Accurate and smooth A/V synchronisation in anything on Windows is a shit show. You can ask any of the emulator authors here. The amount of variance in behaviour is absolutely mindboggling, because it's all based on a tremendous number of factors. For example, I see occasional "glitches" in many emulators (the behaviour varies slightly), including MAME, since the introduction of a sound card I use (Asus Xonar DG) that has crappy drivers -- and I use that card because my on-board Realtek audio (a company I want to see burn in hell) has tons and tons of interference/bus noise that the rear-panel microphone port picks up -- but actual audio playback is good (those glitches don't happen). This is further compounded by use of Windows 7 (I had several emulators that worked beautifully smooth on Windows XP, ex. Nestopia, but then began occasionally having problems once I moved to 7). I've said enough, because I could go on and on for days about this subject, all the way down to talking about event timers and SpeedStep/clock frequency throttling.
Back in the "DOS days", none of this was a problem because the OS (for lack of better term) "sat closer" to the hardware and nothing else was running simultaneously. For example, accurate/flawless Vsync was possible back then -- the CPU only ran what you had actively launched. For Vsync, you could literally do this without any worry of "other stuff" going on:
Code:
mov dx, 03dah
Loop1:
in al, dx
and al, 08h
jnz Loop1
Loop2:
in al, dx
and al, 08h
jz Loop2
...and at the end of that, you'd be in VBlank reliably every time. No tearing, no nonsense.

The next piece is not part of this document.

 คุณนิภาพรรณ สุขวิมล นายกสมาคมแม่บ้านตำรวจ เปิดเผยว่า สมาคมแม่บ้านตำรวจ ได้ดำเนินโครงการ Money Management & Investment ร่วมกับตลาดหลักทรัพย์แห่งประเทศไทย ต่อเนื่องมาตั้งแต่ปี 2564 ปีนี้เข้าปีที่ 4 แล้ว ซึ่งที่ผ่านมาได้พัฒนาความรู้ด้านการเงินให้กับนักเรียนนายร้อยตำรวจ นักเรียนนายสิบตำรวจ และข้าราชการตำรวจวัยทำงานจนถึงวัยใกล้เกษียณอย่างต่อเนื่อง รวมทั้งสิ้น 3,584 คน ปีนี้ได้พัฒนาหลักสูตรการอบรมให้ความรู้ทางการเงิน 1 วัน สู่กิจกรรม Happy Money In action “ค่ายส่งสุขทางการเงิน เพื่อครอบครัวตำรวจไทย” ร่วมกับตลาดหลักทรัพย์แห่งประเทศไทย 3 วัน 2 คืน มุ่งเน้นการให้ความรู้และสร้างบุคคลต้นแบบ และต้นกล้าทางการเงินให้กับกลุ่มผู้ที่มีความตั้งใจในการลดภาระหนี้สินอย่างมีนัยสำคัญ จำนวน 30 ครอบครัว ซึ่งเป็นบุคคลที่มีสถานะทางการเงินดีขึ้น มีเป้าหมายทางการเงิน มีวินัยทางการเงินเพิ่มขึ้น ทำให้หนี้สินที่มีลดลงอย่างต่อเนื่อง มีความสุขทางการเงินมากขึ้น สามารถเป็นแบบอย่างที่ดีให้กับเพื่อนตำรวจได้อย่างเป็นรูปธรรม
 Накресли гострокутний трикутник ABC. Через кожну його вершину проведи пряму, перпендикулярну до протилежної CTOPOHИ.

With the introduction of multitasking OSes (not task-switching, but multitasking) like Windows NT and later, and graphical layers like DirectX, and later GPU drivers and so on, everything became abstracted. You now have layers upon layers upon layers of things that all "connect", taking away from the ability for a program to truly do something as simple as, say, wait for Vsync with the same degree of accuracy as back in the early 90s -- you no longer have ANY idea of how much time _really_ is left for use in VBlank by your program. Now introduce hilarious kludges (I consider them a kludge) like nVidia G-SYNC and AMD FreeSync, requiring special "gamer monitors", and have their own complexities/nuances (think about windowed mode applications and how that's going to work). On the audio layer, you now got USB audio bits (USB DACs), sound cards still, and let's not forget weird things like HDMI audio (and HDCP on top of that, whee!) -- keeping everything "synchronised" is a total nightmare. At least on the graphical end of things, are you ready for the irony? Here it comes:
With the introduction of Vulkan, it seems that we're circling back to the 90s. Someone at the Khronos Group had had enough of this bullshit, it seems. Vulkan is an incredibly tiny API (last I looked, around 1.6MBytes) where, from what a colleague of mine who does 3D engines for commercial games told me, basically just says "here's a piece of raw memory that correlates with the framebuffer on the GPU. Do whatever you want with it. If you screw it up and crash the machine, it's your fault. Talk to the hardware directly (or very close to it)".
Hopefully I'll be dead by the time humans come full circle and realise the importance of KISS principle.